It is definitely happening...not much information though. Found some articles from last year about it but of course they were in a more positive light. S&P had a headline about how pension funds were lagging in their investment. This seemed to also include consumer debt as well btw...
(I am not a financial expert and have done little no research into the specifics but on the surface this is what I see)
I am loath to trust anything on Tik Tok but in theory yes, if this is really happening on the level they are suggesting it won't take much for things to go south badly. Private Equity these days is shady AF and we saw what happened when their big backer Silicon Valley Bank went under because of rate hikes. If the big banks started doing that on a massive scale the cascade effect could be deadly. If businesses that were purchased by Private Equity start failing not only are you dealing with much of the same issues the '08 crisis caused, but you are also adding in that hundreds/thousands of people will be out of work on tape of that. So you will have a spike in unemployment, consumer debt will skyrocket, homes will be lost, banks will be hit with defaults from both sides and likely even the Private Equity firms will get crunched because a lot of this will be underwritten by other investments (like how Musk used Tesla Stock as collateral for the Twitter purchase) or loans from banks that will be called due. Even if it is spread out over multiple quarters it will drag down the economy to a long term recession. If it all hits relatively quickly...well not to sound alarmist but it could literally destroy the financial sector and I am not being metaphorical.
Yeah, but most commercial paper is from high quality companies with fairly good history of repaying debt. We're talking Nvidia, Google, AT&T, JP Morgan, etc. These are basically the debt of the S&P 500.

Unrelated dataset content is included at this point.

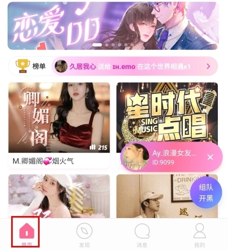 在首页中点击进入房间;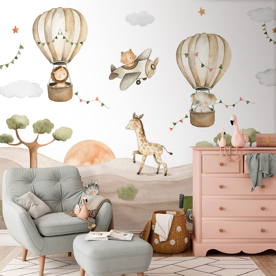 Regardez ça : une peinture murale intitulée “Un singe chevauchant un zèbre” ! Parfait pour la chambre de votre petit explorateur, qu’il aime les animaux ou qu’il ait simplement une imagination débordante. Imaginez : un singe chevauchant joyeusement un zèbre dans un paysage fantaisiste qui semble tout droit sorti d’une histoire à dormir debout. Des montgolfières, une girafe enjouée et une jeep sympathique complètent cette scène adorable. Imaginez votre enfant se réveiller tous les matins en ayant l’impression de vivre une aventure sans fin. Ce n’est pas seulement de l’art mural, c’est une étincelle pour raconter des histoires et rêvasser. C’est génial, non ? Cette peinture murale est un succès pour n’importe quelle chambre d’enfant, rendant leur espace amusant et tellement unique. Qui aurait cru que la décoration pouvait être aussi délicieuse ?

Take a look at the Vanguard Total Bond Market Index. This is purely bond market holdings. Almost 50% government, 22% mortgages and other asset-backed debt, 3% foreign, and the bulk being commercial debt (25%).
investor.vanguard.com
You don't see commercial paper show up until page 31 on their holdings disclosure. That lot is Anheuser-Busch debt ($153M out of $350B total assets in the fund). You can find the full list at the link above, but you'll find that they're as diverse as the S&P500. This is pretty typical for the largest bond market funds. It's a relatively low risk, stable investment, generally speaking.
Now, depending on how well these pension funds are managed (tugs at collar), they should be broadly diversified in stocks, debt, etc. If they're buying garbage debt at low yields then yes, there's a risk. Hard to know how much of a risk though.
Anyways, there's a reason total bond market funds are broadly diversified. The bulk is in government, which tends to be the safest bet but lowest yield. Then comes mortgages and commercial debt providing a bit of higher risk but higher yield. Each of these has somewhat different risk exposure and as long as the pension funds are following this type of strategy, they'll be fine. If we see a broad default on commercial debt, there are much, much bigger issues and there's no safe harbor. This would mean stocks and commercial bonds are worthless and companies start to file various flavors of bankruptcy.